By investing in build, test, deployment and environment automation, we substantially reduce the cost of making and delivering incremental changes to software by eliminating many of the fixed costs associated with the release process. Better products. Continuous delivery makes it economic to work in small batches.

This means we can get feedback from users throughout the delivery lifecycle based on working software. Happier teams. Peer-reviewed research has shown continuous delivery makes releases less painful and reduces team burnout. By removing the low-value painful activities associated with software delivery, we can focus on what we care about most—continuously delighting our users. Automation and processes allow them to spend less time working in the trenches. There can be some barriers to continuous delivery.

Initial installations, configurations, and workflow changes are required. So, for some organizations, CD requires:. Changing workflows requires time. This can disrupt business. Your business must establish a strategy. Make sure that new workflows and automated processes are part of your strategy. They should align with business objectives and meet operational requirements. For instance, you might be developing software using waterfall, spiral, or other methodologies. So, you must overcome learning curves before implementing continuous delivery.

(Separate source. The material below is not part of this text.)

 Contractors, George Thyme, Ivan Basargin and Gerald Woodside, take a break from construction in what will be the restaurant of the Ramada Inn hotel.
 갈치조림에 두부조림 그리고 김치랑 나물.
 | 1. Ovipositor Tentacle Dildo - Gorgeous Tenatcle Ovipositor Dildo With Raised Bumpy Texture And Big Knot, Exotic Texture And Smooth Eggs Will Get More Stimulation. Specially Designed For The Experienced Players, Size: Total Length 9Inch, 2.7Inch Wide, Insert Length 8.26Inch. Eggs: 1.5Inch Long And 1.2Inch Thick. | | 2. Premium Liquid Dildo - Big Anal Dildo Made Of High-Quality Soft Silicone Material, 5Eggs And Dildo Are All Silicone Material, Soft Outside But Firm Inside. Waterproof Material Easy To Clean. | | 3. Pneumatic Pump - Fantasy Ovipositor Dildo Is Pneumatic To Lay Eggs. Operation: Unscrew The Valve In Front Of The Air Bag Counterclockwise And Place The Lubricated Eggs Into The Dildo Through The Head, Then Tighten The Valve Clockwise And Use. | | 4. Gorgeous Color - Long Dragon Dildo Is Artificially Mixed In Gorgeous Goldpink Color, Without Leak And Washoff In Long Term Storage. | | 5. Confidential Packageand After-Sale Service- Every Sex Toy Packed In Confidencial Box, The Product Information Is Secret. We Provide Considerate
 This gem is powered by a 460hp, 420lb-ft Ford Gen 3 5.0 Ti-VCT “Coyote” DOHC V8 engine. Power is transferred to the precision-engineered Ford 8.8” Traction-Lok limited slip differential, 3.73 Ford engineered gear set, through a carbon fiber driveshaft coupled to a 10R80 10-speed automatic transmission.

This minimizes disruptions. And it ensures operations continue to run while staff get up to speed. You might also have resistant team members. So, what's the key to building the most efficient and effective CD processes? Engaging experts as you develop — and possibly implement — your strategy. Luckily, you can enlist the help of continuous delivery experts — and do continuous delivery the right way.

Contact us to learn more about continuous delivery services from Zend. Note: This post was originally published in and has been updated for accuracy and comprehensiveness. What Are the Common Barriers? In this article, we give an overview of: Continuous delivery.

Continuous delivery benefits. Barriers to adoption. Advice for taking the next step. Let's start with the basics.